I need to double check cause I could have sworn I was doing that. I am trying to decide whether I want to change anything. My wife withholdings were more messed up for 2018 and the first three months of 2019 so that would lower the amount I owe for 2020 a little more and then with a kid on the way in June I am not sure how much more that will knock the amount down.
You know, if you wind up owing a lot every year, you can ask payroll to withhold more? because I do casual "on call" work outside of my main workplace, I have all the places I work at hold an additional $25 a pay cheque. Learned that mistake the hardway.
A tax accountant friend of mine says similar to above re wage difference. She also says set it up so you owe a little at year end. (1) no reason to let the man hold your $ interest-free, and (2) people who owe every year are audited much less frequently than people who get refund every year. Apparently the man doesn't like writing those checks.

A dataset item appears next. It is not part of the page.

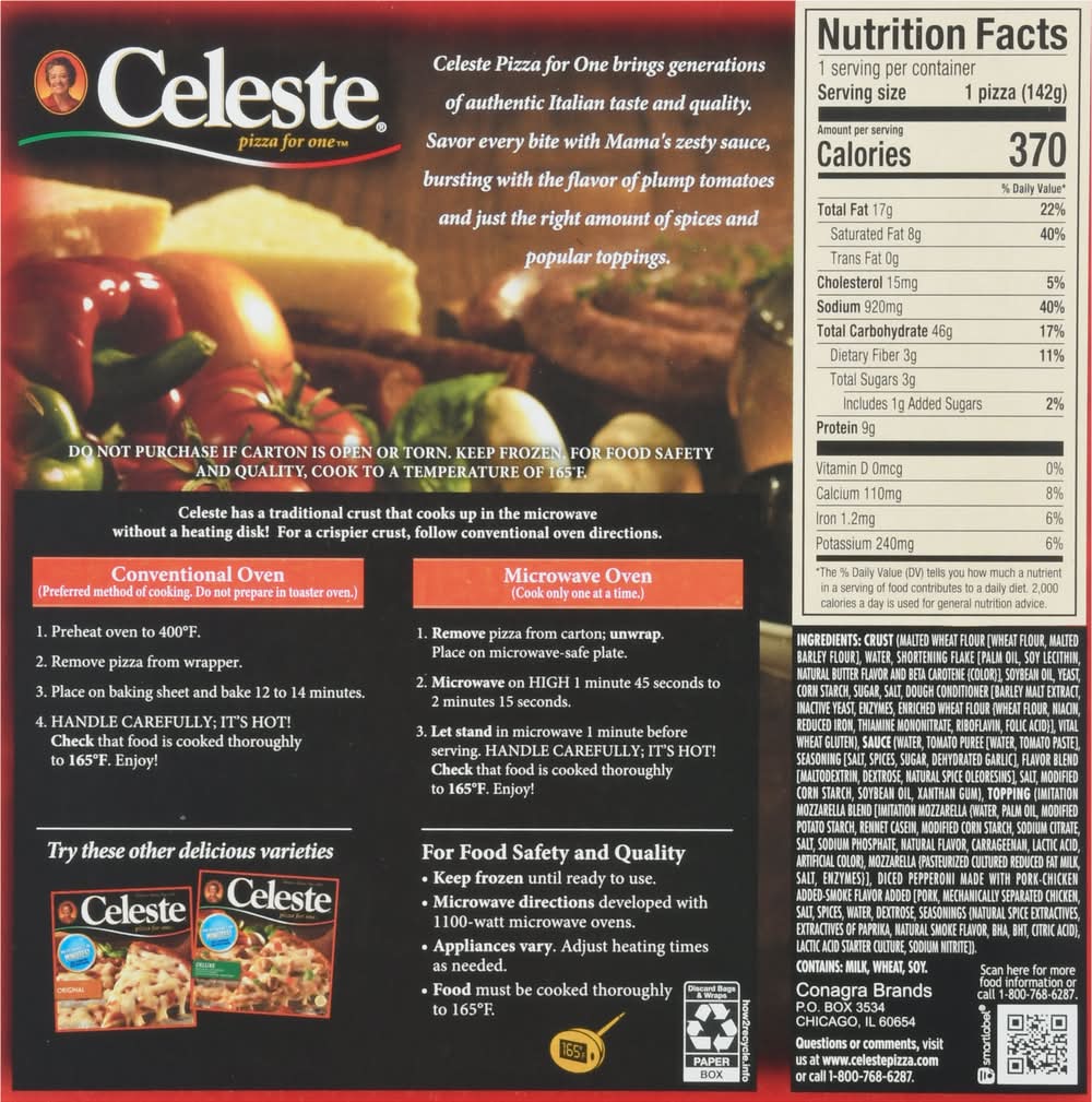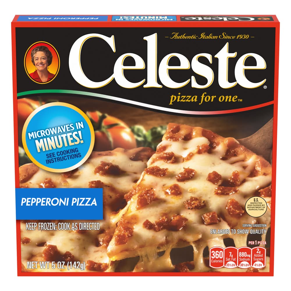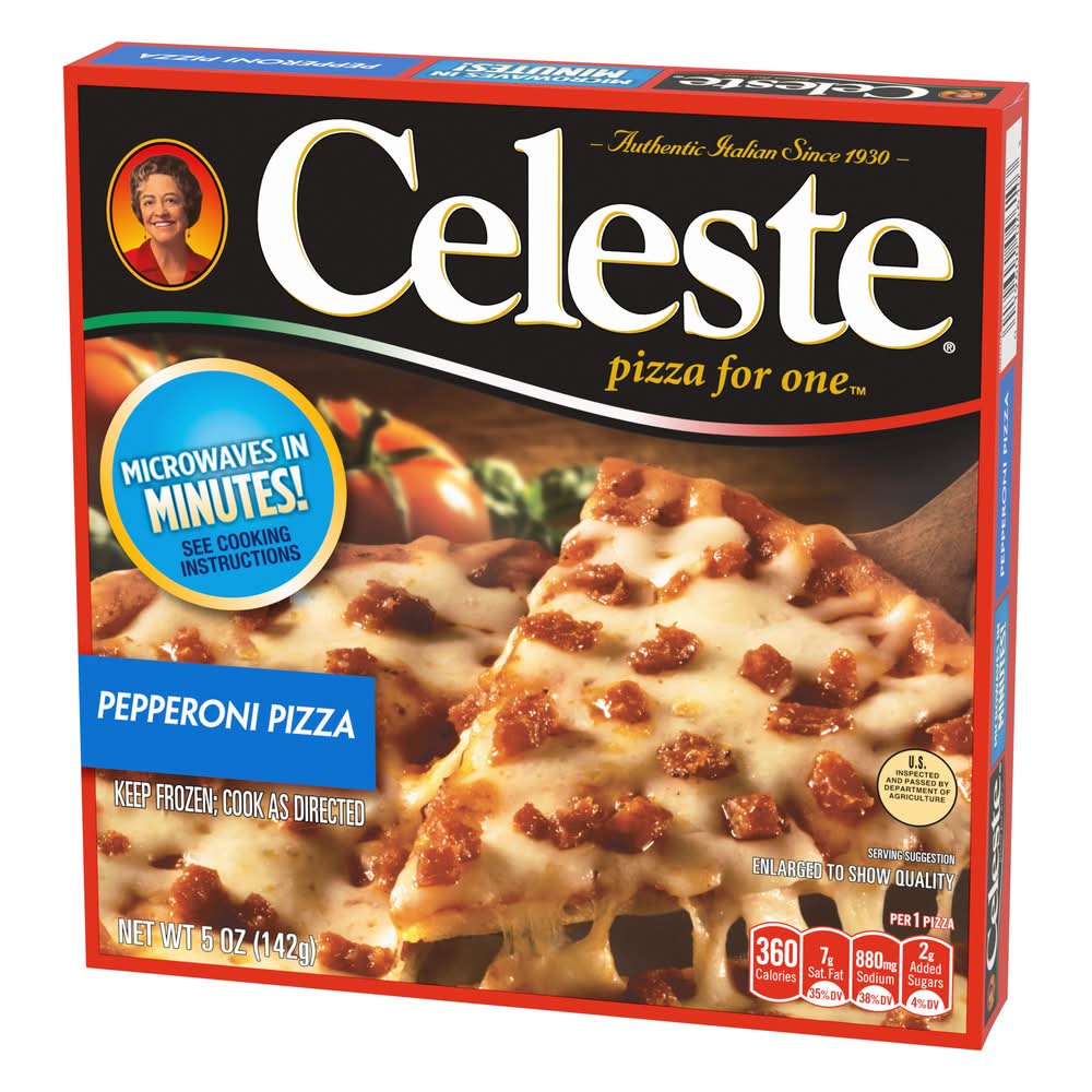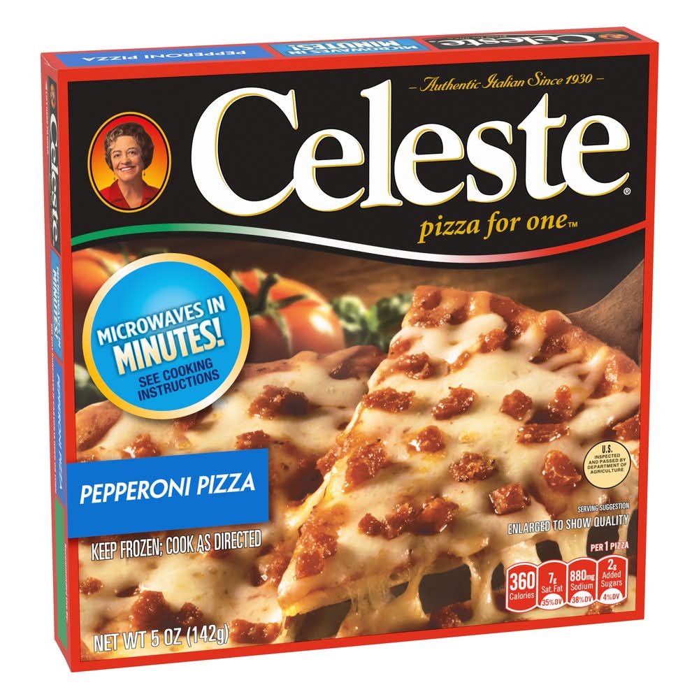 When you are craving delicious pepperoni pizza, try Celeste Pepperoni Pizza for One, Individual Microwavable Frozen Pizza. Tasty thin crust, topped with savory sauce, gooey cheese and yummy pepperoni for homemade-quality pizza the whole family will love. This microwave meal cooks in 2 minutes so it is perfect for a quick lunch, dinner or anytime meal. • Number of servings: 1 • Packaging: Reusable

I started a similar thread a while back focussed on deductions. I owe $2500 this year.
What I learned is that my workplace wasn't using the withholding I requested. We are DINKS with no chance of real deductions, and I earn about 2X what the misses does. They had me set up as married/0. I switched it to single/0 on the last pay period and I suddenly lost an additional $200/check. I think that's a bit overkill considering I get 26 checks a year. I may try what OldOpelGuy suggested above. I do agree that I prefer to owe slightly. If I could keep it in the $200-$300 range every year I'd be happy.
Here's what I know. Everything in life that is supposed to save you money ("you're 25 now, your car insurance will drop! You own a house now, that's a big tax savings! You're married now, you can get money back! You have dependents now, that's gonna get you paid!") has never saved me a dime. The government has never sent anything my way in terms of assistance, refunds, aid, or stimulus. I always make too little or too much for everything, and usually by about a dollar so I just miss the cutoff. The trillion-dollar stimulus package? Not one red cent will make it my way, guaranteed. Every time we think we might get some money back from taxes, they change the rules and we have to pay.
At some point you put in zero and no dependents. At some point beyond that you also add an additional dollar amount to be deducted by your employer. There are some online calculators to help decide this.
My wife is a MD who works on contract so she gets a 1099. No withholding. She saves about a 1/3 of each paycheck so we have enough to pay our taxes at tax time.
On top of that I file zero dependents and single. We make about the same but I get benefits and she does not other than the benefit of living with me (insert sarcasm imogi here) .
Some people in our situation pay quarterly taxes to soften the blow of writing the big check every year.
Duke
MegaDork
4/8/20 9:10 a.m.
A lot of this for 2019 is a result of the "middle class" tax changes.
Our AGI was almost identical between 2018 and 2019. We paid a little more in total taxes for 2019, but that is mostly because we lost DD#2 as a dependent in 2019. I suspect beyond that our taxes might even have gone down slightly.
But the withholding tables got notably shallower in order to maximize takehome pay. So I'm actually writing a check that is about 3x larger than I did for 2018, even though my actual taxes are not much different.
I'll try to keep this as apolitical as possible. To make the tax cuts look like they are working for the middle class the administration quietly changed how much withholding they took from everyone's paychecks.